Tips for Best Results

Vision vs OCR: When to Use Each

Use Vision Models (--use-vision) when:

✅ Analyzing dashboards (Grafana, GCP Console, monitoring tools)
✅ Code walkthroughs or debugging sessions
✅ Complex layouts with mixed content
✅ Need contextual understanding, not just text extraction
✅ Working with charts, graphs, or visualizations
⚠️ Trade-off: Slower (requires GPU/CPU for local model)

Use OCR when:

✅ Simple text extraction from slides or documents
✅ Need maximum speed
✅ Limited computational resources
✅ Presentations with mostly text
⚠️ Trade-off: Less context-aware, may miss visual relationships

Context Hints for Vision Analysis

--vision-context meeting: General purpose (default)
--vision-context code: Optimized for code screenshots, preserves formatting
--vision-context dashboard: Extracts metrics, trends, panel names
--vision-context console: Captures commands, output, error messages

Customizing Prompts: Prompts are stored as editable text files in meetus/prompts/:

meeting.txt - General meeting analysis
code.txt - Code screenshot analysis
dashboard.txt - Dashboard/monitoring analysis
console.txt - Terminal/console analysis

Just edit these files to customize how the vision model analyzes your frames!
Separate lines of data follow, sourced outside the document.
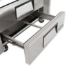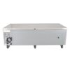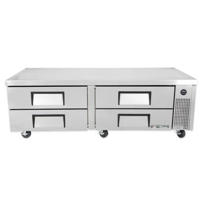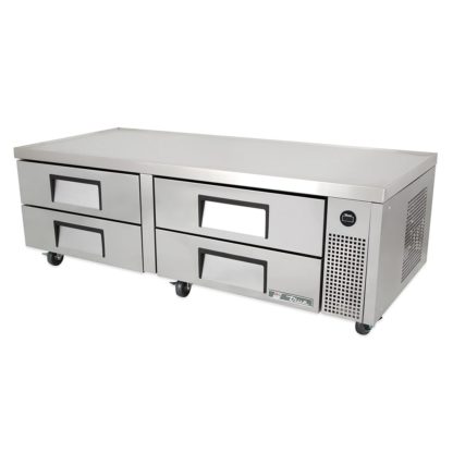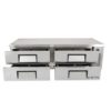 For cold storage, this True TRCB-72 chef base has four drawers that each hold two full-size food pans, which must be purchased separately. The interior is fitted with a clear-coated aluminum liner for corrosion resistance, while its stainless steel floor has rounded corners to facilitate cleaning. Food stored in the base is kept at a set temperature between 33 and 38 degrees Fahrenheit, which are maintained by R134A refrigerant flowing through capillary tubes and can be monitored on an external display. To ensure consistent cooling, fans with large blades blow air around the drawers, and because the refrigeration system’s condenser is located behind the side grill, it conveniently slides out for maintenance.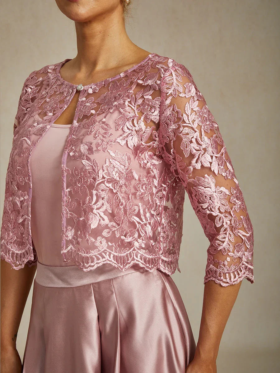 Silver Glitter Lace Jacket with 3/4 Sleeves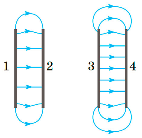 На рисунку зображено лінії електричного поля між двома парами заряджених пластин. Електричне поле між якими пластинами є більш інтенсивним? Визначте знак заряду кожної пластини.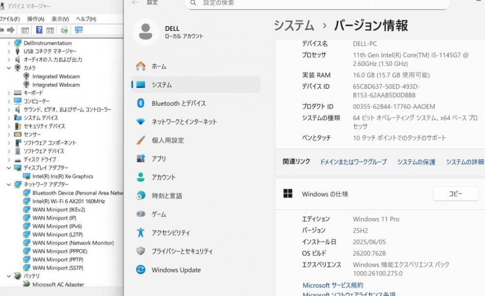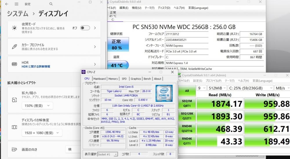 | CPU: 超高速 Intel 卓越性能 第11世代Core i5-1145G7 2.6Ghz、 4コア8スレッド (ターボ・ブースト利用時の最大周波数 4.4GHz) |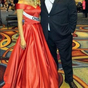 Stunning Red Custom Off-The Shoulder Gown for pageant, prom, wedding, gala, etc.

Scene Detection vs Interval

Scene detection: Better for presentations with distinct slides. More efficient.
Interval extraction: Better for continuous screen sharing (coding, browsing). More thorough.

Vision Model Selection

llava:7b: Faster, lower memory (~4GB RAM), good quality
llava:13b: Better quality, slower, needs ~8GB RAM (default)
bakllava: Alternative with different strengths

Deduplication

Enabled by default - removes similar consecutive frames
Disable with --no-deduplicate if slides/screens change subtly

Troubleshooting

Vision Model Issues

"ollama package not installed"

pip install ollama

"Ollama not found" or connection errors

# Install Ollama first: https://ollama.ai/download
# Then pull a vision model:
ollama pull llava:13b

Vision analysis is slow

Use lighter model: --vision-model llava:7b
Reduce frame count: --scene-detection or --interval 10
Check if Ollama is using GPU (much faster)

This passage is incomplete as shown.